What’s going on : l’album de la souffrance

En 1971, après de longs mois de solitude et de réflexion, il revient avec un nouveau disque, « What’s going on ». Dans la chanson éponyme, Marvin Gaye s’adresse à son père dans certaines paroles comme « Father, father. We don’t need to escalate » (« Père, Père, nous n’avons pas besoin de cette escalade (de violence) ») qui prendra un sens vraiment particulier et morbide le 1er avril 1984.

Entre 1973 et 1980, il reste englué dans la dépression et son extrême dépendance à la cocaïne n’arrange pas les choses. Après deux années terriblement difficiles sur le plan affectif et financier, Marvin Gaye décide de s’exiler en Angleterre. Il en profite pour quitter Motown qui vient de sortir  « In Our Lifetime » (1981) sans sa permission.
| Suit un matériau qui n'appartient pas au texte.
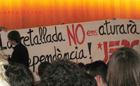 Durant l’acció simbòlica, els membres de les JERC han desplegat també una pancarta amb el lema “La retallada no ens aturarà. Independència”, per mostrar la seva disconformitat amb la presència del dirigent espanyol a Catalunya.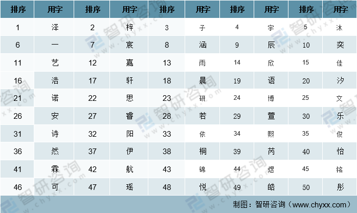 2021年出生并已經進行戶籍登記的新生兒名字中,使用頻率最高的50個字依次為澤、梓、子、宇、沐等。與2020年相比,汐、芮、霖、航等字受到青睞。

Déprimé et drogué à outrance, Marvin Gaye s’effondre lentement.

« Midnight Love » : l’album du succès éternel

Ce n’est qu’en 1982 que le vent tourne à nouveau. Motown accepte de vendre le contrat de Marvin Gaye à CBS et l’album « Midnight Love » sort à la fin de l’année. Grâce au morceau intitulé « Sexual Healing », Marvin Gaye retrouve le sommet des charts Soul. L’album se vend bien et il en profite donc pour retourner dans son pays natal. Il obtient même deux Grammy Awards pour ce dernier album. Sa paranoïa est à son apogée à la fin de sa tournée promotionnelle fin 1983, date à laquelle il retourne près de sa mère, dans la maison familiale qu’il avait acheté à ses parents.

Une fin tragique

Au matin du 1er avril 1984 une dispute, comme souvent, éclate entre Marvin Gaye et son père. Ce dernier sort une arme et tire deux balles en direction de son fils, qui le blesseront mortellement. L’ironie veut que l’arme avec laquelle Marvin Gay Senior tire sur son fils est un revolver de calibre 38 qui lui a été offert par Marvin lui-même comme cadeau de Noël quatre mois plus tôt. Lors de son arrestation, ce soir-là, le père clame ses regrets : « Si je pouvais le ramener, je le ferais. J’avais peur de lui. J’ai pensé qu’il allait me faire du mal. Je ne savais pas ce qui allait se passer. Je l’aimais. Je souhaiterais qu’il passe cette porte maintenant. »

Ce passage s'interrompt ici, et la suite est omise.